Mimpi untuk membuang sampah
Robert (1886), seorang ahli fisiologi dari Hamburg,
adalah yang pertama kali berpendapat bahwa mimpi adalah sebuah kebutuhan dan
bahwa ia memiliki fungsi untuk menghapus (a) kesan inderawi yang tidak
sepenuhnya bekerja dan (b) gagasan yang tidak sepenuhnya berkembang sepanjang
hari. Lewat mimpi, material yang tidak lengkap akan dibuang atau diperdalam dan
dimasukkan kedalam ingatan. Gagasan Robert dikutip berulang kali oleh Freud
dalam karyanya Traumdeutung. Hughlings Jackson (1911) memandang kalau mimpi
bertindak untuk menyapu ingatan dan koneksi yang tidak perlu sepanjang hari.
Hal ini direvisi tahun 1983 oleh teori ‘belajar mundur’ Crick dan Mitchison,
yang menyatakan bahwa mimpi seperti operasi membersihkan komputer saat mereka offline,
menghilangkan noda parasit dan “sampah” lainnya dari pikiran saat tidur (Evans
dan Newman, 1964; Crick dan Mitchison, 1983). Walau begitu, pandangan
berlawanan bahwa mimpi memiliki sebuah fungsi konsolidasi ingatan dan
penanganan informasi (Hennevin dan Leconte, 1971) juga umum diterima. Mimpi
adalah hasil dari penembakan spontan dari pola syaraf saat otak melakukan
konsolidasi ingatan saat tidur.
Mimpi sebagai resonansi dalam rangkaian syaraf
Pada saat tidur, mata tertutup, sehingga otak pada
beberapa derajat menjadi terisolasi dari dunia luar. Lebih jauh semua sinyal
dari indera (kecuali penciuman) harus melewati thalamus sebelum mencapai
korteks otak, dan pada saat tidur aktivitas thalamus terhenti (Rey et al,
2007). Ini berarti kalah otak terutama bekerja dengan sinyal dari dirinya
sendiri. Sebuah fenomena yang terkenal baik dalam sistem fisika dinamis dimana
tingkat masukan dan keluaran dari sistem rendah adalah bahwa ayunan membuat
pola resonansi spontan terjadi.
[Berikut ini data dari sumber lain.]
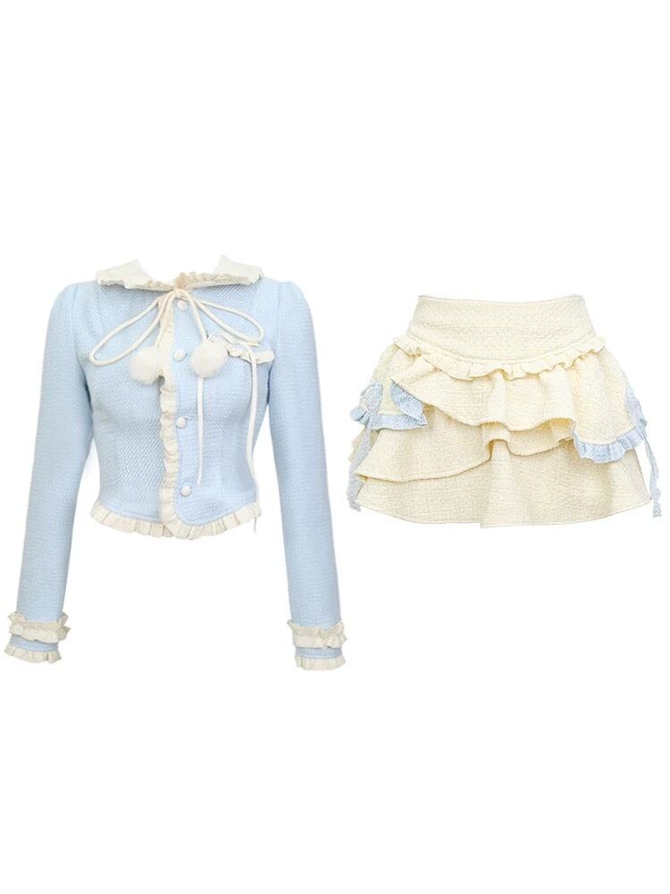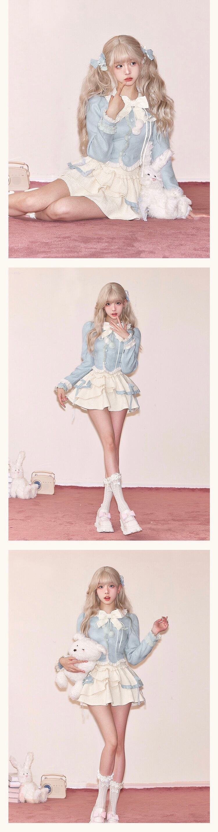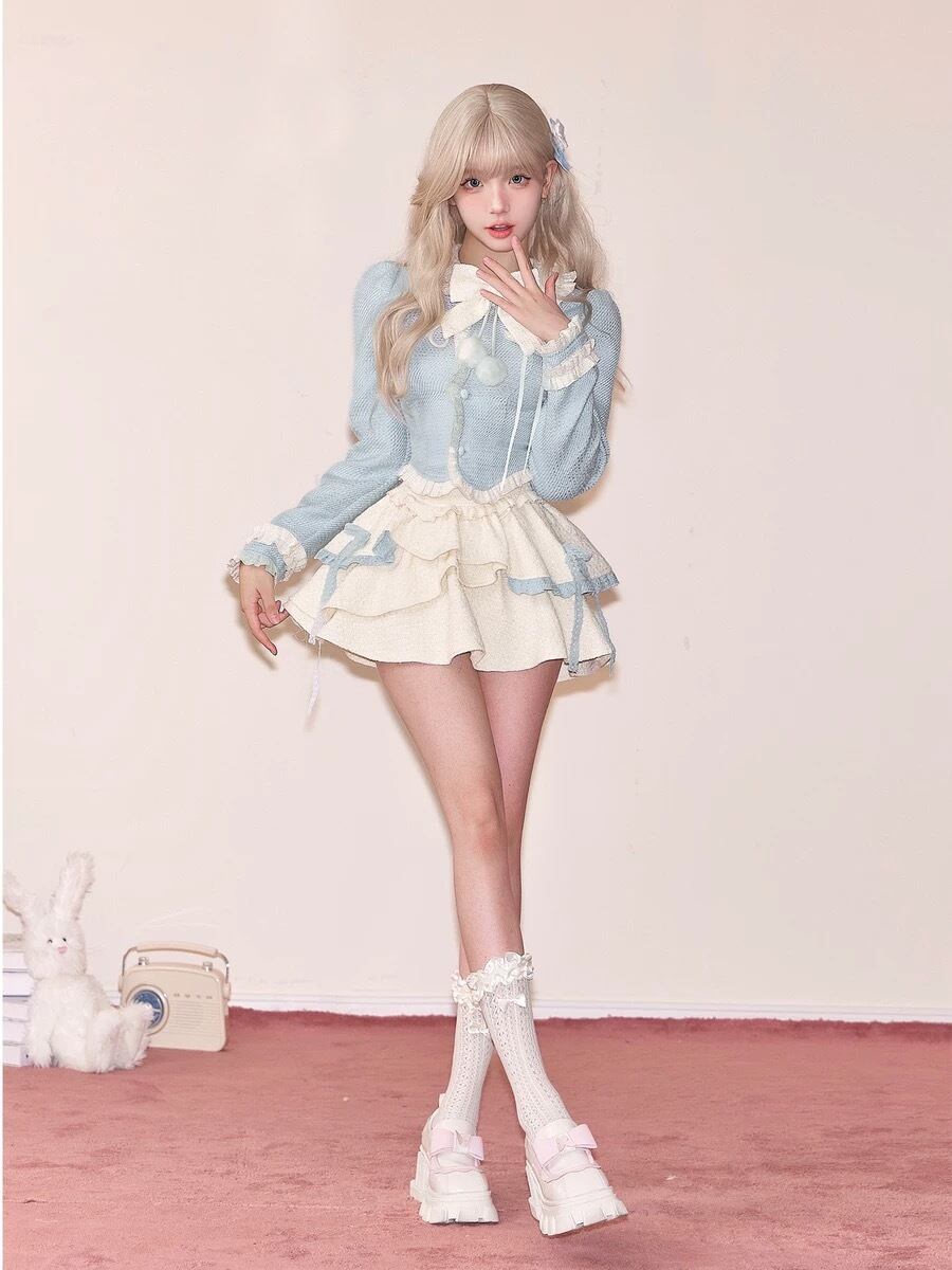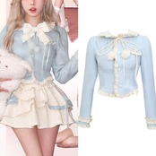 【トップス】水色 ガーリー リボン ジャケット アウター カーディガン リボン スクール 秋葉原 衣装 トップス ブラウス ぽんぽん

Karenanya, mimpi mungkin merupakan akibat
sederhana dari ayunan syaraf.
Psikologi tidur dan mimpi
Mimpi untuk menguji dan memilih skema mental
Coutts (2008) berhipotesis kalau mimpi memodifikasi
dan menguji skema mental saat tidur dalam sebuah proses yang ia namakan seleksi
emosional, dan bahwa hanya modifikasi skema yang tampak adaptif secara
emosional saat uji mimpi dipilih untuk retensi, sementara yang tampaknya
maladaptif ditinggalkan atau dimodifikasi lebih jauh dan diuji. Alfred Adler
berpendapat bahwa mimpi sering merupakan persiapan emosional untuk memecahkan
masalah, membersihkan individu dari akal sehat menuju logika pribadi. Perasaan
mimpi residual dapat memperkuat ataupun menginhibasi tindakan yang di
kontemplasikan.
Teori psikologi evolusi tentang mimpi
Psikolog evolusioner percaya kalau mimpi merupakan
semacam fungsi adaptif untuk bertahan hidup. Deirdre Barrett berpendapat kalau
mimpi hanyalah “berpikir dalam kondisi biokimia yang berbeda” dan percaya kalau
orang terus bekerja pada semua masalah yang sama – pribadi dan objektif – dalam
keadaan tersebut.” (Barret, 2007). Penelitiannya menemukan kalau apapun –
matematika, komposisi musik, masalah bisnis – dapat diselesaikan lewat mimpi,
namun dua daerah yang khususnya membantu adalah 1) apapun yang mengandung
visualisasi yang jelas dalam solusinya, apakah itu masalah desain seni atau
penemuan teknologi 3 dimensi dan 2) masalah dimana solusinya berada dalam
“berpikir di luar kotak” – yaitu orang tersebut terjebak karena kesepakatan
umum dalam mendekati masalah tersebut salah (Barret, 2001; 1993). Dalam teori
terkait, yang di istilahkan oleh Mark Blechner dengan “Darwinisme Oneirik,”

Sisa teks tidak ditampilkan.